Chapter 1: Bass Basics - Here is a basic breakdown of black bass taxonomy, life cycle and history.  Descriptions of each species (Largemouth, Smallmouth, Spotted, Redeye, Shoal, Suwannee and Guadalupe).  This book focuses primarily on the mighty largemouth, but he mentions most black bass function similarly.

Chapter 2: Brain, Learning and Instincts - Technical description of the brain and nervous system, plus some valuable insight into learning ability and instincts.  I found the learning ability information valuable.

Chapter 3: Chemoreception -Description of the smell and taste systems followed by information about what scents bass like and how scent/taste trigger a feeding reaction.  Some great information here about what commercially available scents work best and what scents will actually drive bass away.

Chapter 4: Hearing and Vibration Detection - Description of the inner ear and lateral line systems.  Gives some good info about what sounds a bass can hear and what sounds don't exist in her world.  There is information about how vibration and sound trigger feeding and which sounds work best.

Chapter 5: Vision - Vision is, by far, the most critical sense a bass possesses so this chapter is the longest.  Again the author provides a technical description of the vision system.  After that he delves into how bass combine action, flash, size, shape, color, contrast to evaluate potential prey.  There is some valuable information about which lure colors work best as well as what colors a bass simply can not see.

Chapter 6: Senses of the Skin - Senses of the skin is broken down into temperature sensing and pH sensing.  Great information is provided about how bass react to temperature change and differing acidity levels.  Ever wonder why bass slow down in the cold?  The answer is a little more in depth than "they are cold blooded."

Chapter 7: Pain and Stress - Tackles the tricky question of whether bass feel pain and how they react to stress.  The author makes it clear pain and stress are unique.  Provides some great information about how to reduce mortality in your live well and at the scale.

Chapter 8: Super Lures - This chapter is exactly what it sounds like - the most valuable.  The author summarizes the previous seven chapters by expounding on what properties a "super lure" should possess.  He also speculates on what lures of the future may look/sound/taste/feel like.

Knowing Bass was originally published in 2002 and has a jacket price of $16.95 - internet shopping will get you the book for a few dollars less.  The pages are printed on high gloss paper resulting in excellent picture quality but this is not a picture book.  The paper makes the bar graphs really pop too.  At 280 pages long it'll make great bedtime reading, I finished it in about a week.

I think this book is a must read for anyone who makes a living from bass fishing.
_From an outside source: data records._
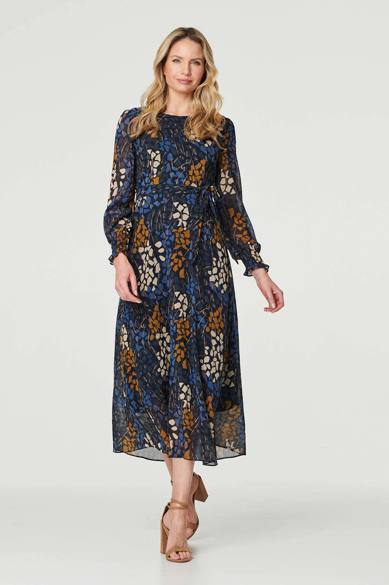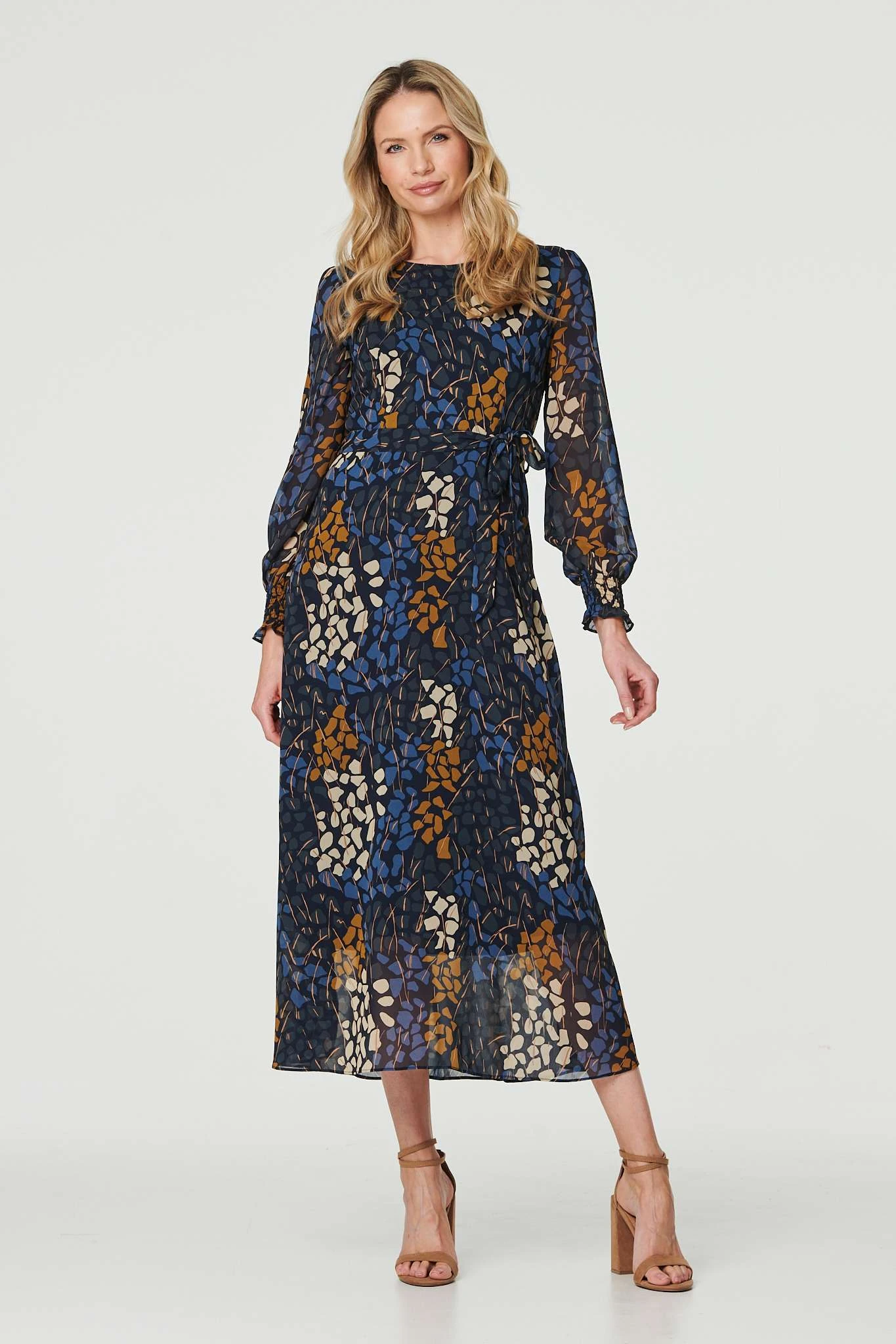 If you’re going for a more formal look, this dress is your new favourite. It has long semi sheer puff sleeves, a round neck and a sheer layered hem. The waist tie will flatter your figure and the midi length hem adds elegance to your look.
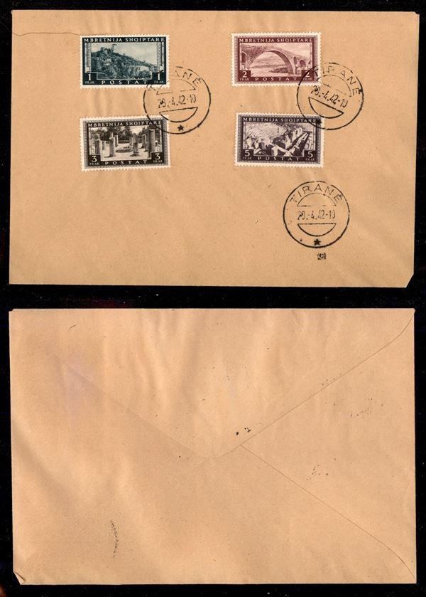 1939 - Ordinaria (26/29) - 4 alti valori usati su busta - Tirana 28.4.42
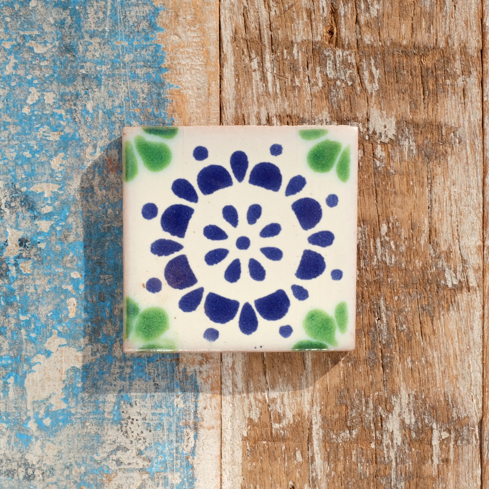 We have been importing these Mexican tiles direct from Mexico since 2001. They are handmade from terracotta clay then the design is screen printed in many layers on to the base colour, the tiles can be slightly concave or convex due to their position in the kiln. Due to the handmade nature of the tiles they are not all completely square and the colours will vary from batch to batch.
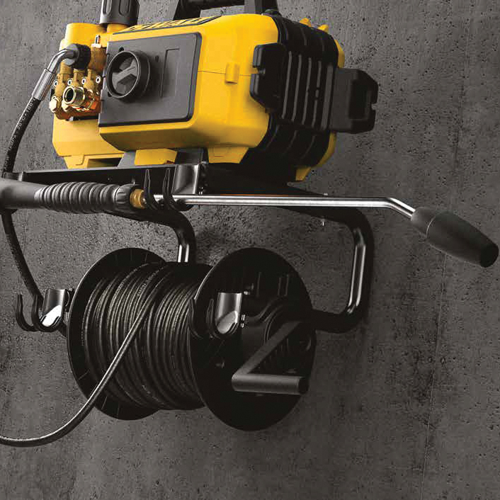 Μονάδα τοίχου με ενσωματωμένο σωλήνα παροχής νερού. Ασφαλίζει αυτόματα στη βάση και  απασφαλίζει και απασπάται εύκολα χάρη στο κουμπί. Συμβατό με τα πλυστικά της Dewalt: DXPW001CE, DXPW002CE, DXPW003CE
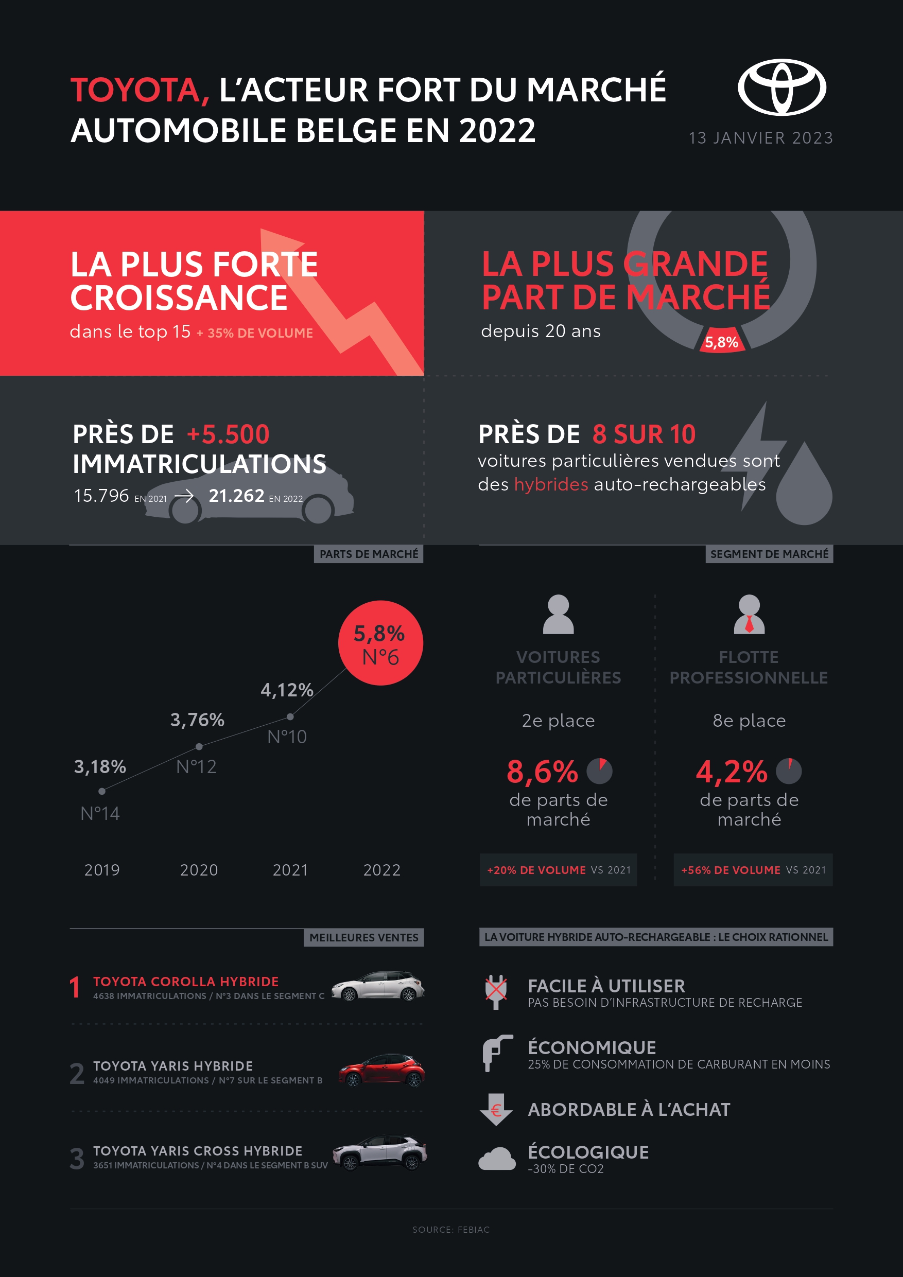 - Toyota se classe au 6e rang des voitures nouvellement immatriculées en Belgique en 2022. Avec une augmentation de 35% en termes de volume et une part de marché de 5,8%, elle représente la plus forte progression du top 10 des marques automobiles en Belgique.

Tournament anglers and lure makers alike can really get a leg up.  Maybe even talk to your CPA about a possible tax deduction.  If you're a casual angler, this book only fits if you have a desire to think way too much about fishing.  If throwing a spinner or floating a bobber is all you need to relax, why clutter that valuable brain space with information to get in the way?


Disclaimer: As with all reviews on Lunker Hunt, the preceding review is my honest opinion, I received Knowing Bass - The Scientific Approach to Catching More Fish as a Christmas present from my lovely wife. I assume she paid something for it but I don't really care how much. Lunker Hunt is not sponsored by or associated with the author or publisher and is accepting no compensation, monetary or otherwise, in exchange for this review. My independent status may change in the future but, as of the date of publication, no relationship other than described above has been pursued or established.

2 comments:

  1. Interesting. I've become a more common addition to the bass lake now that I have a kayak. Sounds like a read that will put more fish in my boat. Thanks for the well written review.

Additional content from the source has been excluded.